There are a lot of resources out there for the technical aspects of IVF, but not so much for the practical or emotional parts. After an attempt at fertility treatment, with another starting soon, I thought it might be helpful to pass on what I’ve learned in my first cycle of IVF:
1. You Will Learn on the Job
You’ll know a lot more about IVF when you’re done with the process. You can read every book ever written on the subject, but the only thing that will really acquaint you with the procedure is going through it. It may not be what you want to hear, but you need to be prepared for the first time to be a “dress rehearsal.” For example: We had no idea I had poor egg health until our first round failed, which led to using an egg donor.
2. Don’t Be Afraid to Get a Second Opinion
Every doctor is going to sound like they know everything about IVF. Listen carefully, ask every question that comes to mind, and if your gut tells you they’re pushing you away from a treatment or tactic you want to use, get a second opinion. There is always time for a second opinion.
3. The P Word
You’re here because you have been trying to have a baby, but can’t do it on your own. You’ve been waiting, you just want some damn kids, and the last thing you want to do is take your time. Unfortunately, being patient is essential during IVF. So, instead of counting how many cycles until you will be pregnant, try using language like “before the end of the year” or “before my next birthday.”

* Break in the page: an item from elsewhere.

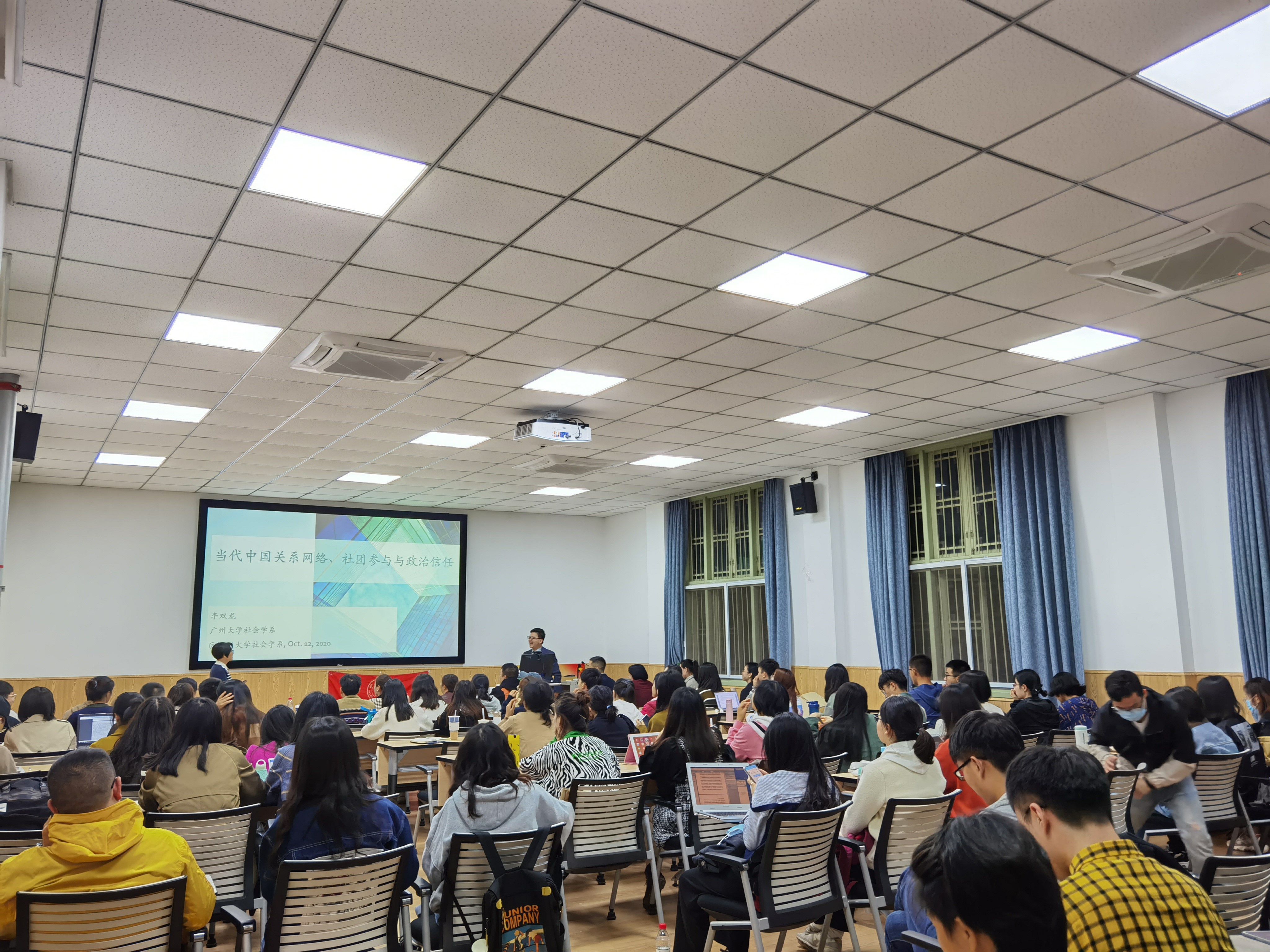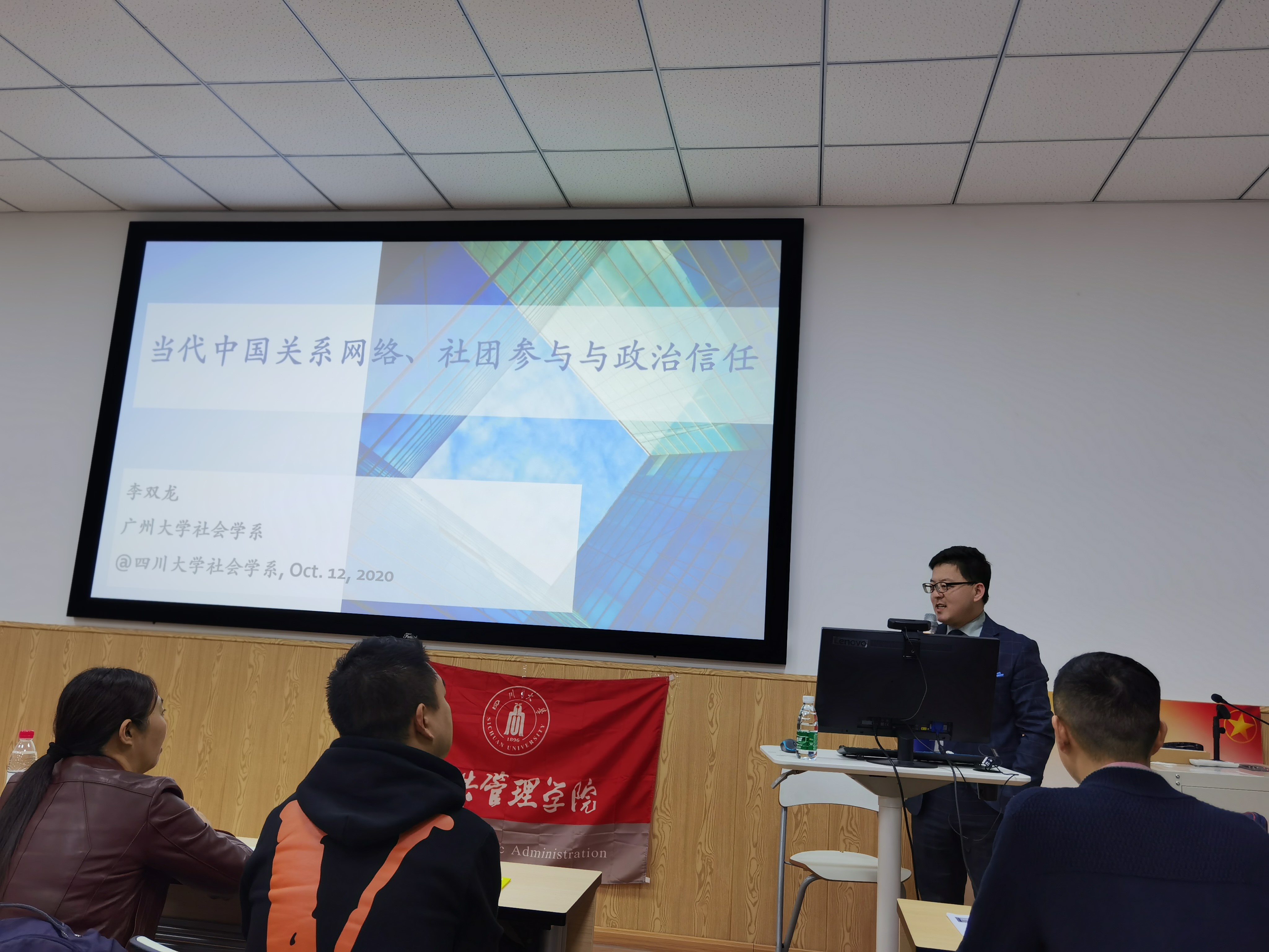 2020年10月12日晚上7点,十大买球的正规网站社会学·华西论坛系列讲座第八期成功举办。广州大学社会创新研究中心副主任、社会学系李双龙副教授在十大买球官网106报告厅开展了主题为“当代中国的关系网络、社团参与和政治信任(Guanxi Networking, Associational Involvement, and Political Trust in Contemporary China)”的精彩讲座。讲座由社会学与心理学系郑莉副教授主持,社会学与心理学系、兄弟院校师生近百人参加了讲座。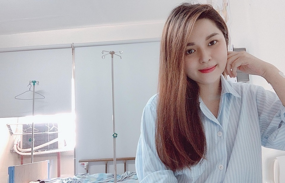 MC Diệu Linh tại phòng bệnh ở Viện Huyết học - Truyền máu Trung ương.

4. Money, Money, and More Money
This is what they’ll be taking from you. If you’re not a millionaire (holler!), it will take some time to wrap your head around spending upwards of $25,000 before you even approach the cost the raising the children. Two things may make this easier for you. First, look into IVF insurance. If your doctor thinks this may take more than one try, buying IVF insurance is most definitely worth it. Second, once the money is spent, get over it. The money is gone, and there is no getting it back. Just keep your eyes on the prize.

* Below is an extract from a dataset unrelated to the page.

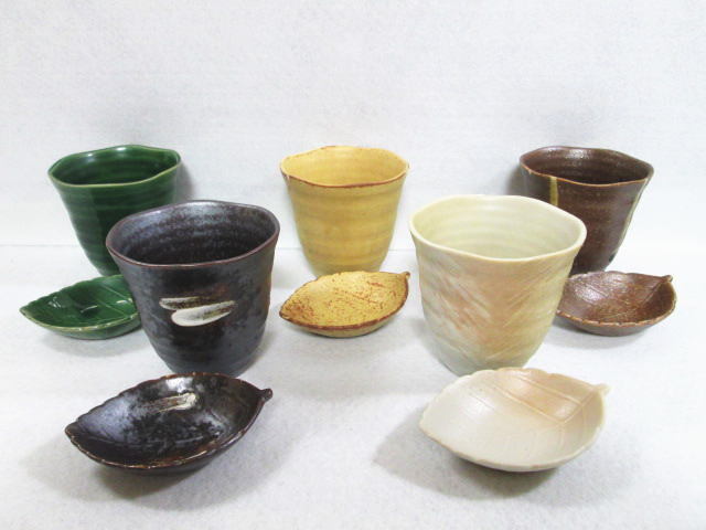 - 陶器製 湯呑 豆皿セット 5客 フリーカップ 湯み 葉っぱ 小皿 5種 5色 お揃い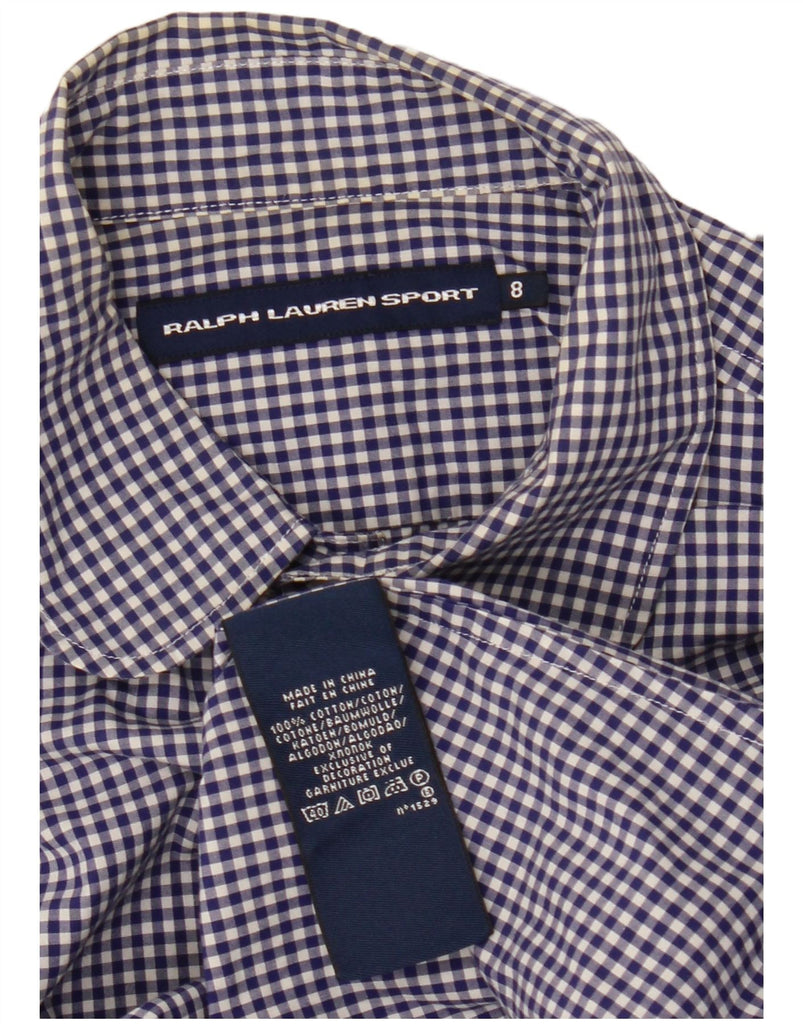 RALPH LAUREN Womens Short Sleeve Shirt US 8 Medium Blue Gingham Cotton

5. Steel Yourself for Some Disappointment
Preparing yourself for disappointment is an essential part of surviving IVF. I’m not saying to be negative; visualization is a very helpful tactic during IVF, but here is the deal: Until you go through IVF at least once, your doctor won’t know everything about your reproductive issues. Nurses and doctors radiate positivity and sunshine, but that’s not always how things go—be wary. It’s not uncommon at all to have to do it twice or more.

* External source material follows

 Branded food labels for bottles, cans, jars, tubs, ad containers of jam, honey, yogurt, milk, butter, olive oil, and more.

6. Pay Attention to Your Relationship With Your Partner
It may not feel like it immediately, but this will affect your relationship with your partner—from initial infertility, to when you figure out who has the faulty equipment, all the way through fertility treatments, maybe even after you’re holding your baby in your arms. This will change the way you see each other, without a doubt. It can bring a lot of couples closer together, especially if their communication is strong. Sometimes, though, it can be damned difficult or even drive couples apart completely. Listen to everything your partner is saying and how they’re saying it. But even more importantly, take care of yourself and your state of mind.
7. Anger Is Part of It
It will ebb and flow. Some days you’ll accept your lot in life with grace and aplomb, and other days you’ll hear that a celebrity is pregnant and cry in the bathroom at work. Let yourself feel the anger, because it is justified, but don’t let it linger too long. It will just make you more unhappy. Think about all the other women with fertility issues like yours, and focus on the sense of camaraderie. It is much more uplifting than being mad at all the fertile women in the world.
I guess the gist is that this is weird, stressful, unfair, but totally doable. Just pay attention to what’s happening around you, and do all you can to reduce your stress in every possible way. Thousands of people do it every year, and you can too.